26 years. That’s a long time for anyone to work at a single company, but outgoing Ferrari CEO Amedeo Felisa did just that. He joined Ferrari way back in 1990, having started his career with Alfa Romeo in 1972. An engineer by training, Felisa may not have consistently been up front and center like former Ferrari chairman Luca di Montezemolo and his replacement, Sergio Marchionne (who’s also taking on the role of CEO now), but Felisa played a huge role in making Ferrari what it is today.

He came to Maranello at a time when Ferrari was still dealing with the loss of its iconic founder, Enzo Ferrari (who passed away in 1987), and his hand-picked successor, di Montezemolo, was working extremely hard to make a name for himself. How could anyone replace Enzo Ferrari? Simple answer: you can't. But di Montezemolo created a legacy of his own making, and he had lots of help along the way. Felisa was his right-hand man in many ways. Looking at Ferrari’s late ’80 and early ‘90s model lineup, it was evident some changes were needed. Sure, the F40 and Testarossa were fantastic supercars, but they lacked the build quality of a certain supercar newcomer: the original Acura NSX.

Italian build quality (not to mention electronics) was never known to be the best, but Ferraris had to be the exceptions. Felisa was heavily involved in upping the quality and building up the brand itself. Today we have things like Ferrari World, Ferrari jackets, watches, and other related gear. What’s more, Ferrari is one of the most powerful brand names in the word. The very name is associated with prestige, quality, and speed. Looking at early ‘90s Ferraris, Felisa used his expertise for several improvements. For example, the 348, launched in 1989, was a pretty good mid-engined V8 supercar, but it clearly had more potential. Its 3.4-liter V8 produced 300 hp, which was decent but nothing earth-shattering, even for 1989.

Handling was described as "nervous." Felisa and crew improved the car with the 348 GTB and GTS. The F355, essentially an evolved 348, came in 1994 and it was world's better.

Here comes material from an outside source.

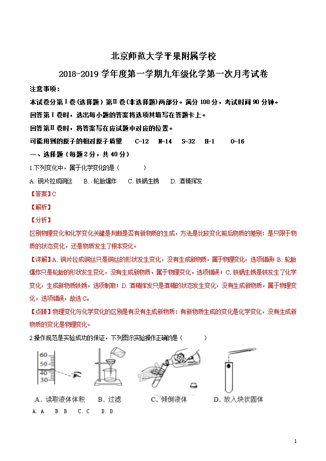 精品解析:广西壮族自治区北京师范大学平果附属学校2019届九年级上学期10月月考化学试题(word版含答案解析)

Engine displacement was increased to 3.5-liters as was horsepower, now rated at 375. The F355 drove and handled beautifully, and it's hard to find a good one today for less than $100,000. Felisa’s other accomplishments include all of the F355’s mid-engine V8 successors, the 360 Modena, F430, 458 Italia and 488 GTB. He also helped evolved the Testarossa into the 512 TR and F512 M. For its 550 Maranello successor, the V12 was moved from mid-ship back to the front, and it remains there to this day with the F12berlinetta.

Bold decisions, like the FF, were made under Felisa’s guidance and, of course, there was the F50, Enzo and LaFerrari. But perhaps it was the LaFerrari that was the crown jewel of Felisa’s Ferrari career. After all, he was made CEO in 2008, just around the time LaFerrari development got underway. Amedeo Felisa had an extraordinary career and it’ll be fascinating to watch whether Sergio Marchionne can handle the combined tasks of Ferrari Chairman and CEO, as well as CEO of Fiat Chrysler.